Oregon's Bold Plan To Fund Higher Education

The great advantage of the federal system is it provides 50 models for success. While the federal student loan program has lead to drastic increases in college tuition, bloated college bureaucracies and aggregate student loan debt approaching $1 trillion states have been casting about for better ideas. It may not be the perfect model but give Oregon credit for the sort of out-of-the-box type thinking that has always come from the states. Oregon wants to do away with the entire student loan program-no up front money required. Once students graduate they would be obligated to pay 3% of their gross income for the next 24 years. The Wall Street Journal spells out.

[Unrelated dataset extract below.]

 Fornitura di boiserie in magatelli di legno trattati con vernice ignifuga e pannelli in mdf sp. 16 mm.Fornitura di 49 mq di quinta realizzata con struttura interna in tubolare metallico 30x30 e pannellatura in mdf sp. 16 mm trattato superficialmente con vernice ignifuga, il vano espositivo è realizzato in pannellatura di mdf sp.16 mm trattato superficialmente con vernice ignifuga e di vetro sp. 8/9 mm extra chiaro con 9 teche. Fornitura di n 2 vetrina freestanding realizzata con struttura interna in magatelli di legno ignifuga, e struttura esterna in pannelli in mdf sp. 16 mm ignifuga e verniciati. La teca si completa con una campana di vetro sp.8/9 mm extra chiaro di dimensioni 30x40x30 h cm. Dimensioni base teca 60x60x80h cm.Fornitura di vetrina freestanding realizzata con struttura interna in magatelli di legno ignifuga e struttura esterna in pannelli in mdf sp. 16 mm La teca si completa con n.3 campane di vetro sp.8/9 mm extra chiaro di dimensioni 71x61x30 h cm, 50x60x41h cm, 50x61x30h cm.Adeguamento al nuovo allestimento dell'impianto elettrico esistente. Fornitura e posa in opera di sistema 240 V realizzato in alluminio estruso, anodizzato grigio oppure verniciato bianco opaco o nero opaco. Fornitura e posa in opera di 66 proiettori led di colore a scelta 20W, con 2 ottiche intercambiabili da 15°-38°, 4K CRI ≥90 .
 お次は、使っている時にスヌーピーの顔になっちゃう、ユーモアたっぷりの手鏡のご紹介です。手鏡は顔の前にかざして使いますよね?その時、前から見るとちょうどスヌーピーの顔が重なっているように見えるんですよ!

Using 2010 census data not adjusted for inflation…students would pay an average of about $800 back into the program the first year after graduation. As their incomes grow, that would increase to about $2,000 in year 20, by which time they would have paid off the cost of their educations. Over the next four years they would contribute an additional $7,400, which constitutes the pay-it-forward aspect of the program—a sort of finance cost. Students would pay more or less depending on how much money they earned.

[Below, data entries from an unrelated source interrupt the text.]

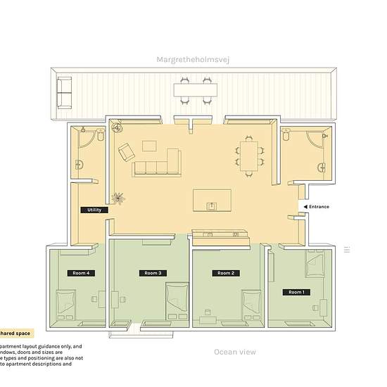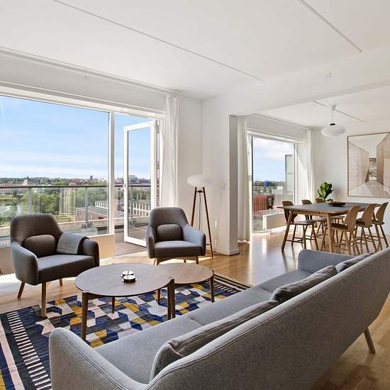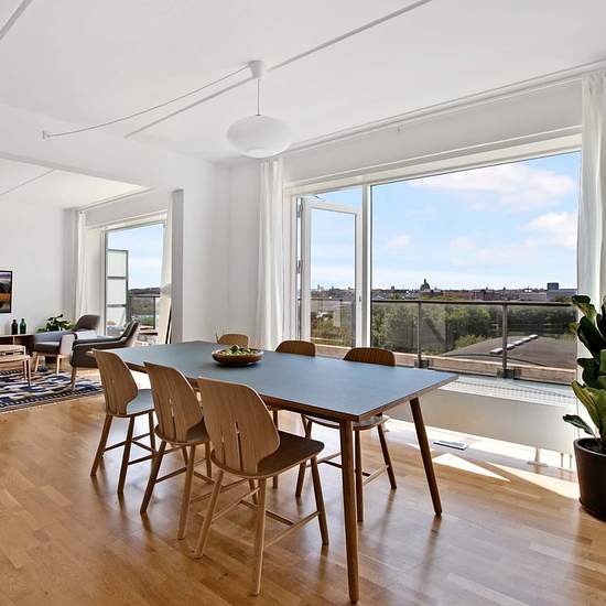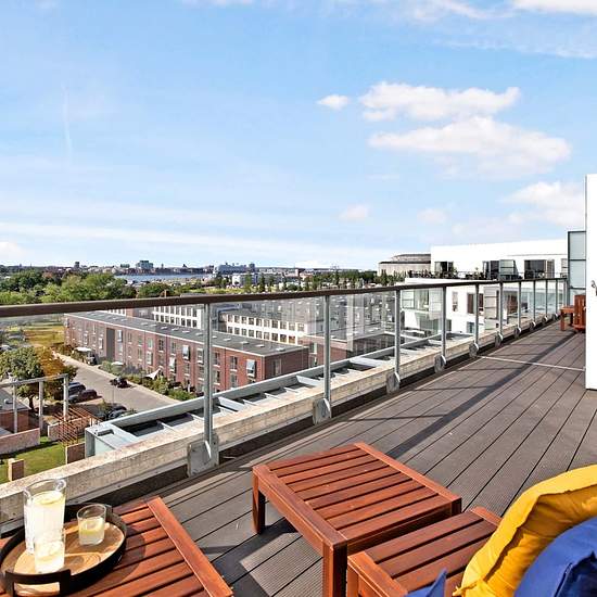Description - space If you ever wanted to live on city island, with views to a ski slope, now you can. You live in the historical, green area Margretheholm, which used to be the home of the naval air station in 1915. Vandkunsten Architects designed this elegant top floor apartment. Wake up with the sun rising over the ocean, and finish the day with a drink and evening sun on the enormous terrace with breath-taking views of the Copenhagen harbor. You will never be bored on Refshaleøen. Hang out in trendy art galleries, the famous food market ...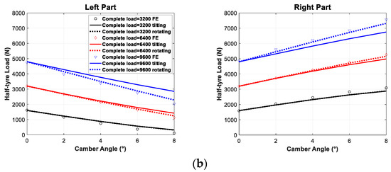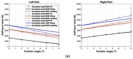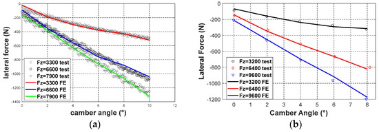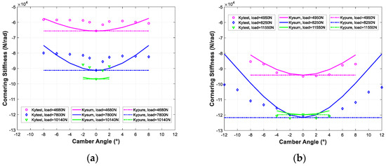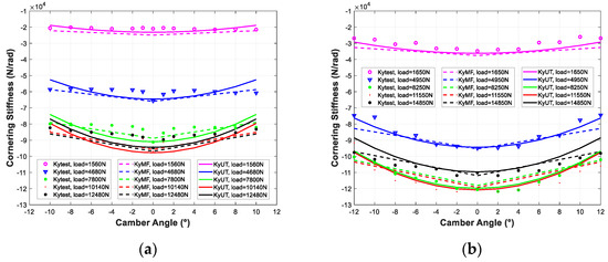 The cornering stiffness dependence of load and camber angle for the UniTire is shown in Formula (31). The variables , , and are model parameters. Figure 11 shows the comparisons.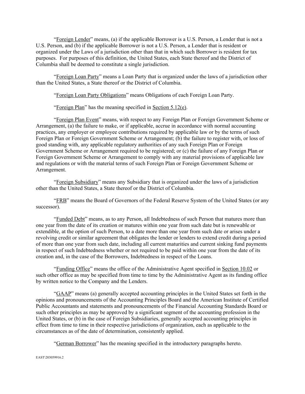 “Foreign Lender” means, (a) if the applicable Borrower is a U.S. Person, a Lender that is not a U.S. Person, and (b) if the applicable Borrower is not a U.S. Person, a Lender that is resident or organized under the Laws of a jurisdiction other than that in which such Borrower is resident for tax purposes. For purposes of this definition, the United States, each State thereof and the District of Columbia shall be deemed to constitute a single jurisdiction. “Foreign Loan Party” means a Loan Party that is organized under the laws of a jurisdiction other than the United States, a State thereof or the District of Columbia. “Foreign Loan Party Obligations” means Obligations of each Foreign Loan Party. “Foreign Plan” has the meaning specified in Section 5.12(e). “Foreign Plan Event” means, with respect to any Foreign Plan or Foreign Government Scheme or Arrangement, (a) the failure to make, or if applicable, accrue in accordance with normal accounting practices, any employer or employee contributions required by applicable law or by the terms of such Foreign Plan or Foreign Government Scheme or Arrangement; (b) the failure to register with, or loss of good standing with, any applicable regulatory authorities of any such Foreign Plan or Foreign Government Scheme or Arrangement required to be registered; or (c) the failure of any Foreign Plan or Foreign Government Scheme or Arrangement to comply with any material provisions of applicable law and regulations or with the material terms of such Foreign Plan or Foreign Government Scheme or Arrangement. “Foreign Subsidiary” means any Subsidiary that is organized under the laws of a jurisdiction other than the United States, a State thereof or the District of Columbia. “FRB” means the Board of Governors of the Federal Reserve System of the United States (or any successor). “Funded Debt” means, as to any Person, all Indebtedness of such Person that matures more than one year from the date of its creation or matures within one year from such date but is renewable or extendible, at the option of such Person, to a date more than one year from such date or arises under a revolving credit or similar agreement that obligates the lender or lenders to extend credit during a period of more than one year from such date, including all current maturities and current sinking fund payments in respect of such Indebtedness whether or not required to be paid within one year from the date of its creation and, in the case of the Borrowers, Indebtedness in respect of the Loans. “Funding Office” means the office of the Administrative Agent specified in Section 10.02 or such other office as may be specified from time to time by the Administrative Agent as its funding office by written notice to the Company and the Lenders. “GAAP” means (a) generally accepted accounting principles in the United States set forth in the opinions and pronouncements of the Accounting Principles Board and the American Institute of Certified Public Accountants and statements and pronouncements of the Financial Accounting Standards Board or such other principles as may be approved by a significant segment of the accounting profession in the United States, or (b) in the case of Foreign Subsidiaries, generally accepted accounting principles in effect from time to time in their respective jurisdictions of organization, each as applicable to the circumstances as of the date of determination, consistently applied. “German Borrower” has the meaning specified in the introductory paragraphs hereto. EAST\203059916.2

Under the program called "Pay it Forward, Pay it Back," Oregon would create a fund that students would draw from and eventually pay into—potentially bypassing traditional education lenders and the interest rates they charge. The state would likely borrow for the fund's seed money, which could exceed $9 billion, but the program's designers intend it to become self-sustaining. The plan is clever as it incentivizes colleges to steer students into the areas that will maximize their lifetime earnings. Under the Oregon plan, students who don't graduate would still pay a fraction of their incomes into the fund; the amount would depend on how long they were in school.
Oregon’s Senate unanimously passed a bill on Monday arming a committee to develop a pilot program, though the legislature won’t decide until 2015 whether to implement it. The proposal has a few questionable aspects, most notably the $9 billion start up cost. Details aside, the idea is intriguing.